_DATA SECTION_
- - -

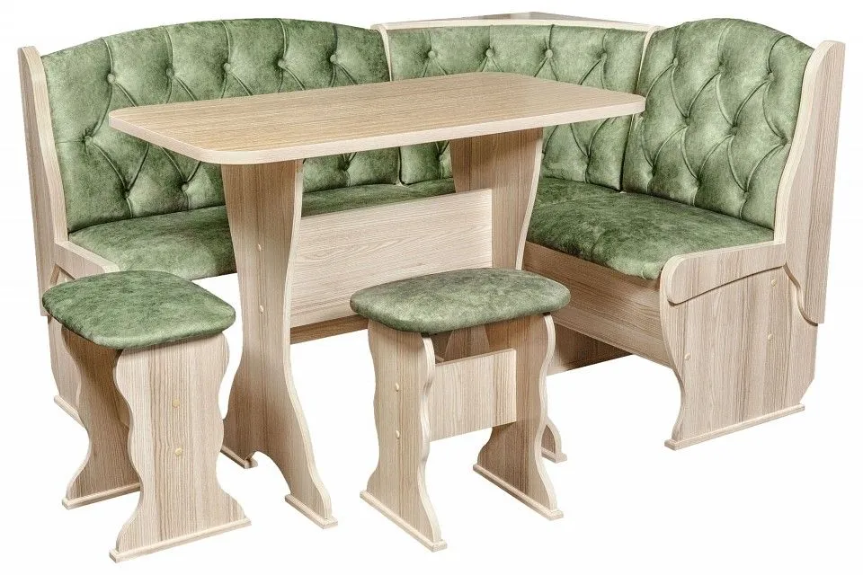 диван - 1500x1100x840 мм, стол обеденный - 1000x580x750 мм, 2 табурета - 300x380x450 мм
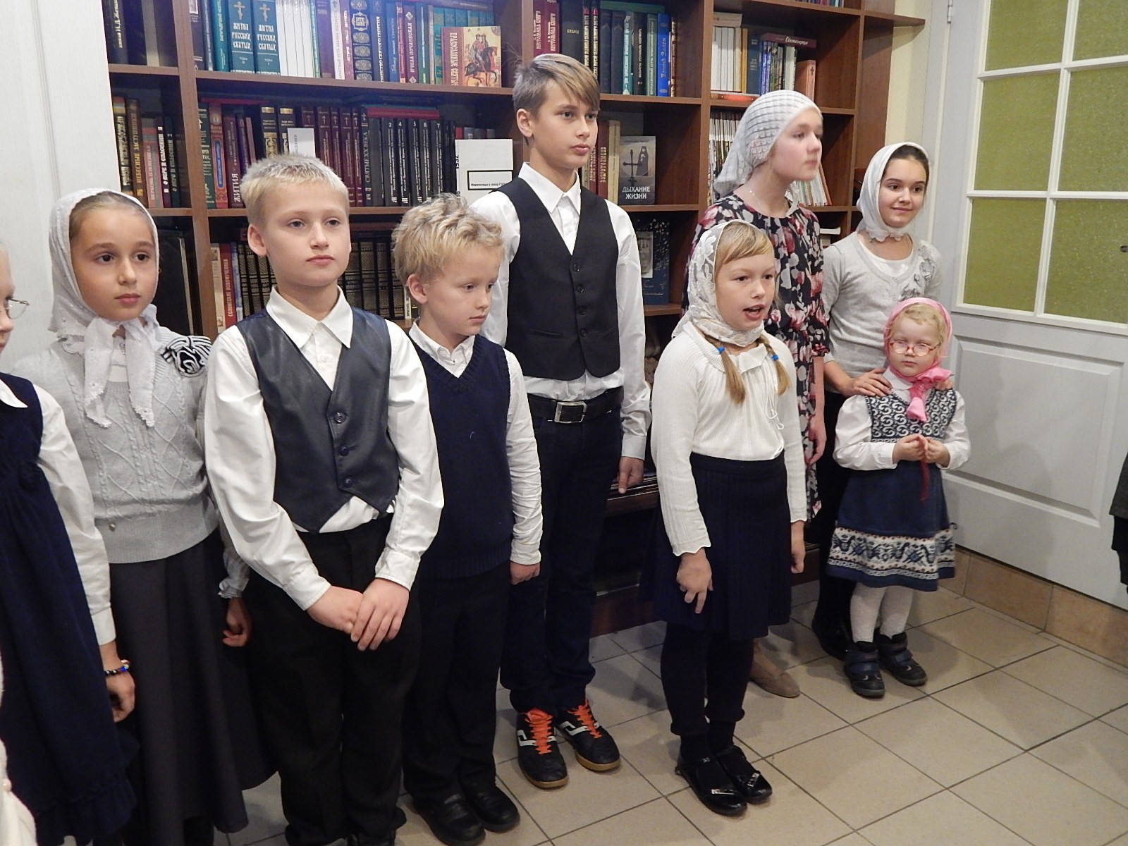 Общение с гостями было продолжено после богослужения. В помещении приходской библиотеки их поздравили учащиеся нашей Воскресной школы. Они прочли поэтическую композицию, посвященную нашему городу и вручили гостям памятные подарки.
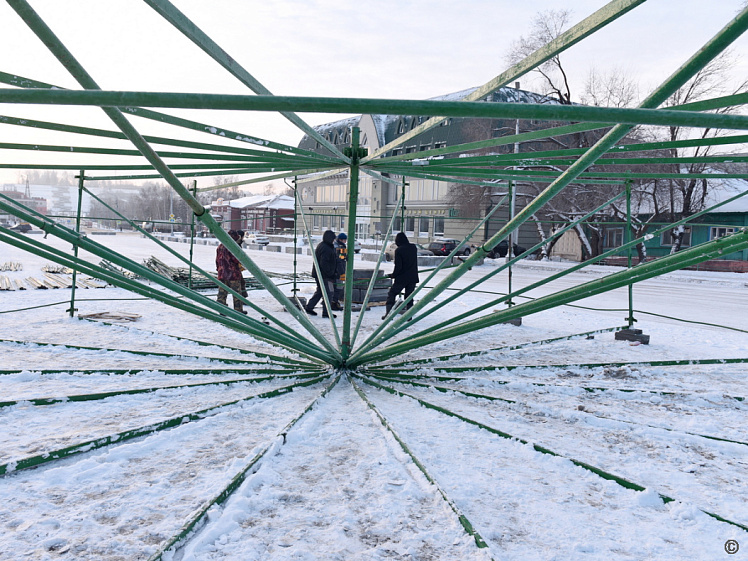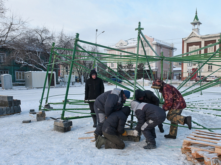 Уже готова фигура «2026», гирлянды для деревьев, банты для новогодней елки. Закончили ремонтировать звезду на верхушке и сварили каркасы для консолей «Бокал». Закупили шары и зимнюю горку. Все работы нужно завершить до 25 декабря, а 26 декабря планируется открытие главной городской елки.

- - -

_DESCRIPTION OF THE TASK_
Please retype the material in full, exactly as it reads, apart from the images.

_YOUR SOLUTION_
 диван - 1500x1100x840 мм, стол обеденный - 1000x580x750 мм, 2 табурета - 300x380x450 мм
 Общение с гостями было продолжено после богослужения. В помещении приходской библиотеки их поздравили учащиеся нашей Воскресной школы. Они прочли поэтическую композицию, посвященную нашему городу и вручили гостям памятные подарки.
 Уже готова фигура «2026», гирлянды для деревьев, банты для новогодней елки. Закончили ремонтировать звезду на верхушке и сварили каркасы для консолей «Бокал». Закупили шары и зимнюю горку. Все работы нужно завершить до 25 декабря, а 26 декабря планируется открытие главной городской елки.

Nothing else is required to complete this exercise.